Question

A 30 μF capacitor is connected across a programmed power supply. During the interval from t = 0 to t = 3.00 s the output voltage of the supply is given by V(t) = 6.00 + 4.00t - 2.00t² volts. At t = 0.500 s

a. find the charge on the capacitor

Answer 1

At t = 0.500 s, the voltage on a 30 µF capacitor is 7.50 V. The charge on the capacitor can be calculated using q = CV, resulting in a charge of 225 µC.

Step-by-step explanation:

To calculate the charge on a 30 µF capacitor at a given time t = 0.500 s, using the provided voltage function V(t) = 6.00 + 4.00t - 2.00t² volts, we first need to plug the time into this function to find the voltage at that specific time.

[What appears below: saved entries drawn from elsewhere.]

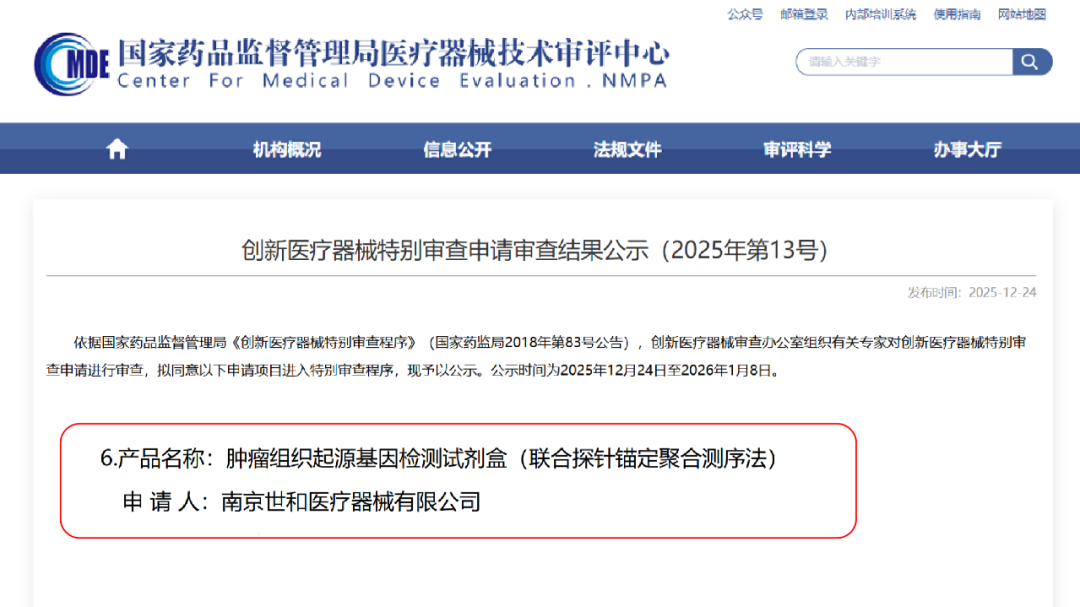 以新入选第九批制造业“单项冠军”的南京世和基因生物技术股份有限公司为例(以下简称世和基因),该公司正围绕肿瘤精准医学领域,自主研发的“肿瘤组织起源基因检测试剂盒(联合探针锚定聚合测序法)”近期进入国家药监局创新医疗(002173)器械特别审查程序。该产品基于高通量测序技术,可实现近20种癌症的精准溯源,为原发灶不明或疑难病症提供分子诊断依据。
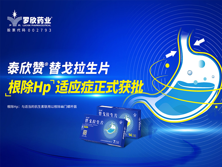 羅欣藥業創(chuàng)新藥替戈拉生片(商品名:泰欣贊?)新適應癥“與適當的抗生素聯用以根除幽門螺桿菌”獲批上市
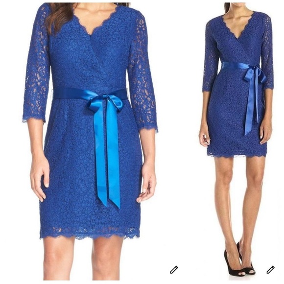 Adriana Papell Blue Lace Sheath Dress Size 8 3/4 Sleeve
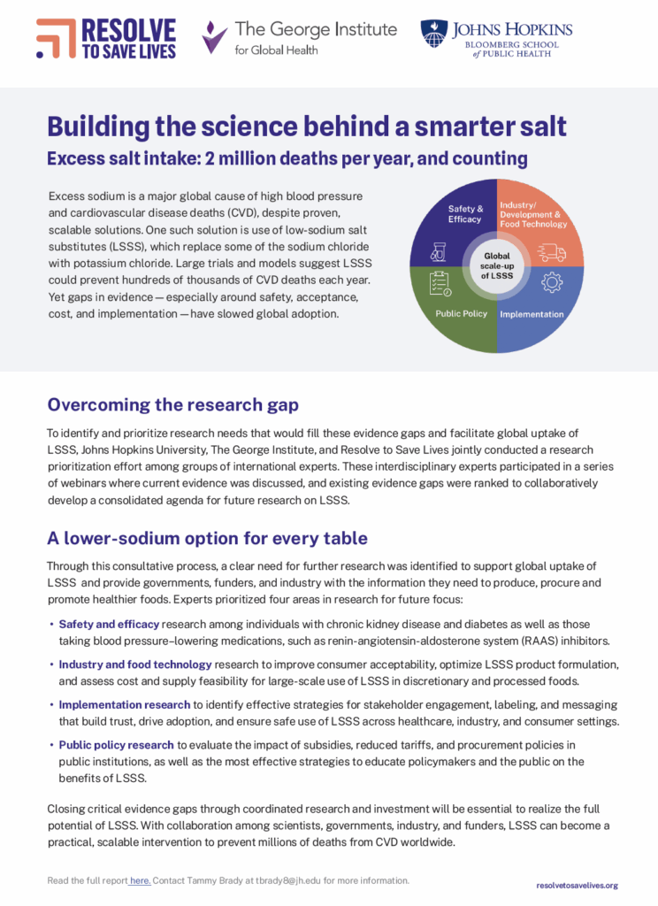 Excess sodium drives global hypertension and cardiovascular deaths, yet adoption of low-sodium salt substitutes (LSSS) remains slow despite strong evidence that they could prevent hundreds of thousands of deaths annually. To pinpoint what’s holding uptake back, Johns Hopkins University, The George Institute, and Resolve to Save Lives convened international experts to identify the most urgent […]
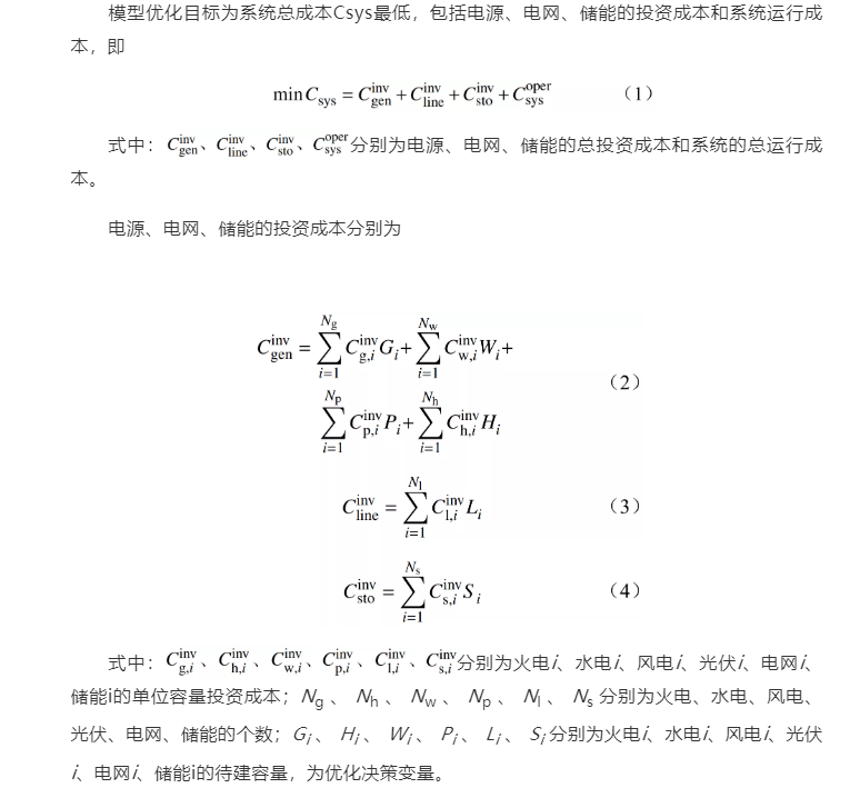 (3)在優(yōu)化計(jì)算和分析模塊,開(kāi)展全年時(shí)序生產(chǎn)運(yùn)行模擬,保證系統(tǒng)供電充裕度和電力電量平衡,達(dá)到系統(tǒng)總成本最低。優(yōu)化求解新增的風(fēng)電、光伏新能源電源裝機(jī)、電網(wǎng)互聯(lián)及儲(chǔ)能容量,分析新能源電源、互聯(lián)電網(wǎng)及儲(chǔ)能三者之間的關(guān)系。
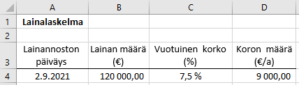 Vuotuisen koron määrä näyttää liian suurelta. Millainen laskukaava pitää sijoittaa soluun D4, jotta tulos olisi oikein? Käytä kaavassa viittausta soluun, joka sisältää lainan koron!
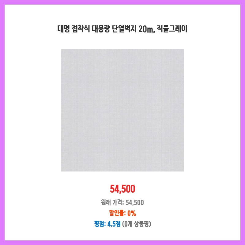겨울철 추위와 여름철 더위가 심해서 단열 효과가 좋은 벽지를 찾던 중, 접착식이라 시공이 간편하고 크레용 라일락 색상이 마음에 들어 구매했습니다. 합리적인 가격에 깔끔한 디자인까지 만족스러워요.
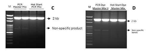 *使用Hot-Start Master Mix(含熱啟動酶)的實(shí)驗(yàn)組PCR產(chǎn)物特異性較高
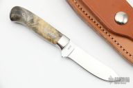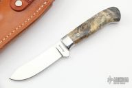 This knife by Bill Kennedy features a satin finished drop point blade with a full tang construction.  .094" Blade Stock.  .668" Blade Depth. The handle features a nickel silver guard, California Buckeye scales and mosaic pins.  Includes a brown Parson’s leather sheath.  Excellent Condition.
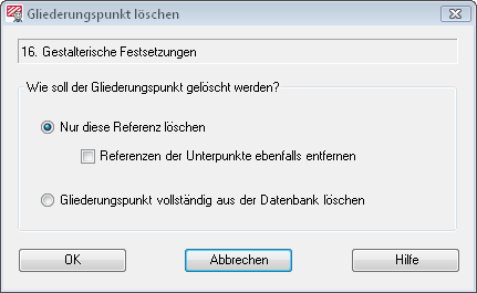 Wie soll der Gliederungspunkt gelöscht werden? Zum Löschen eines Gliederungspunkts stehen drei Optionen zur Auswahl: |
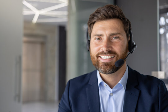 Portrait of a male customer service representative smiling and wearing a headset
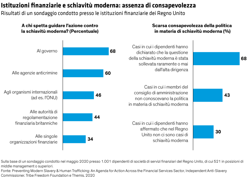 Le società finanziarie non possono permettersi di chiudere un occhio. Il rischio di essere coinvolti in uno scandalo legato a pratiche di schiavitù moderna può macchiare irrimediabilmente la reputazione di un marchio o di un'impresa. Basta chiedere all'istituto di credito australiano Westpac, che nel 2020 ha pagato una multa di 1,3 miliardi di dollari come patteggiamento per l'accusa di aver agevolato il riciclaggio di denaro da parte di 250 clienti che finanziavano lo sfruttamento di minori.
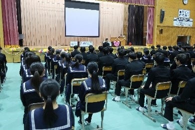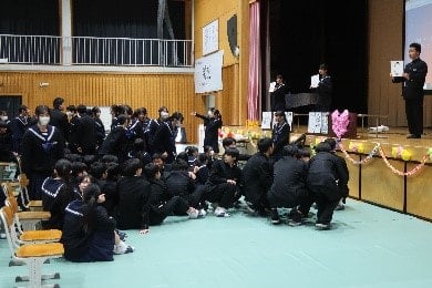 卒業式に先駆けて、3月4日(水)、在校生による「3年生を送る会」を開催しました。生徒会役員の「対面で会を行いたい」という強い想いがありましたが、インフルエンザ感染予防のため、残念ながら、1・2年生についてはオンラインでの参加となりました。会では、3年部の先生に関するクイズが出され、3年生は笑顔で答えていました。
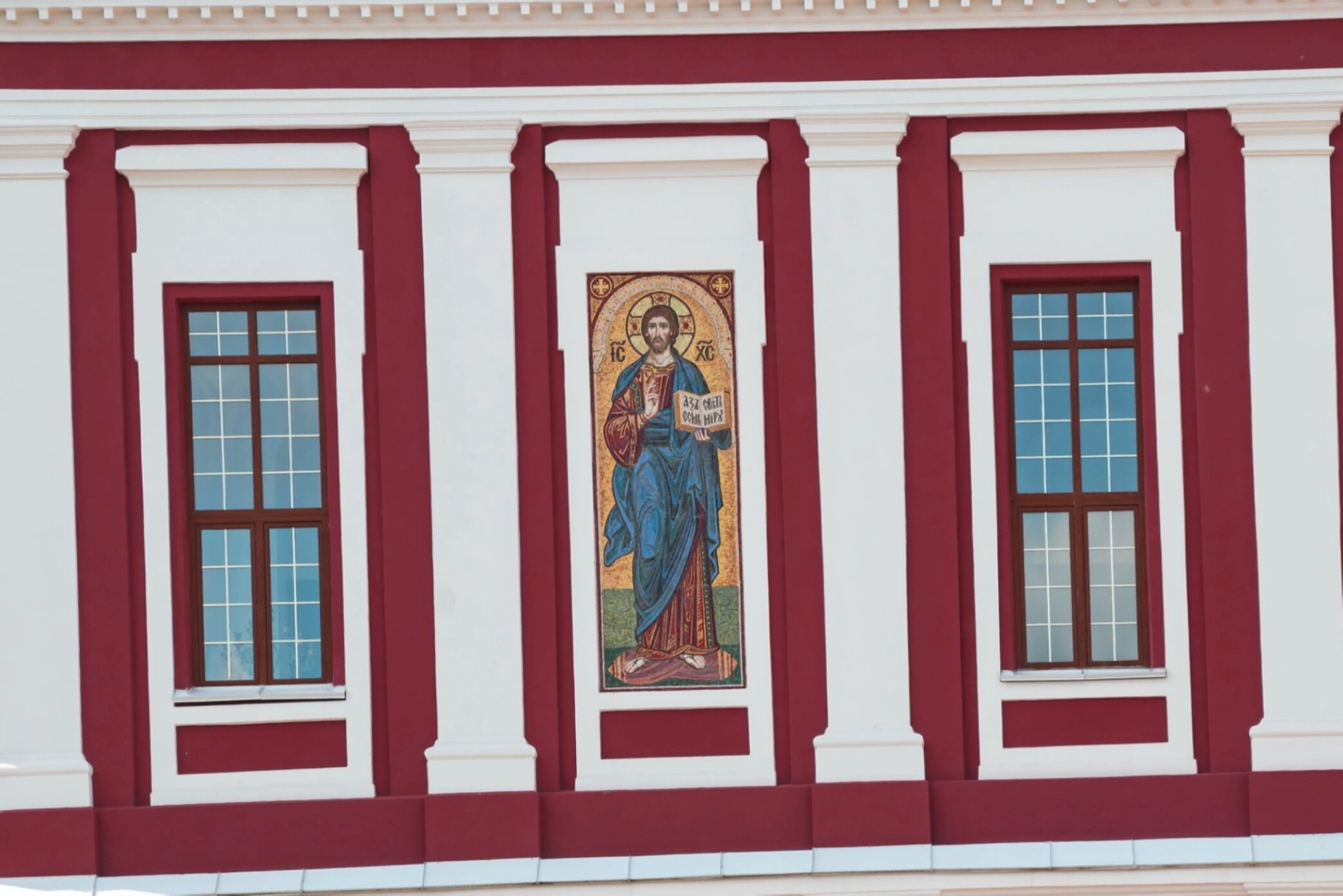 Фасад собора, выполненный в насыщенных красно-белых тонах, демонстрирует характерное для храмового зодчества сочетание монументальности и изящества. Глубокий красный цвет стен символизирует торжественность и жертвенность, в то время как белоснежные пилястры, карнизы и декоративные элементы олицетворяют чистоту и святость. Подобный цветовой контраст не только создаёт визуальный объём, но и отражает глубокую богословскую символику.

Substituting t = 0.500 s into the voltage function gives:

V(0.500) = 6.00 + 4.00(0.500) - 2.00(0.500)² = 6.00 + 2.00 - 0.50 = 7.50 V

The charge q on a capacitor is given by the formula q = CV, where C represents the capacitance and V represents the voltage across the capacitor. Using the capacitance value of 30 µF and the voltage at t = 0.500 s:

q = (30 µF) × (7.50 V) = 225 µC

Therefore, the charge on the capacitor at 0.500 s is 225 µC.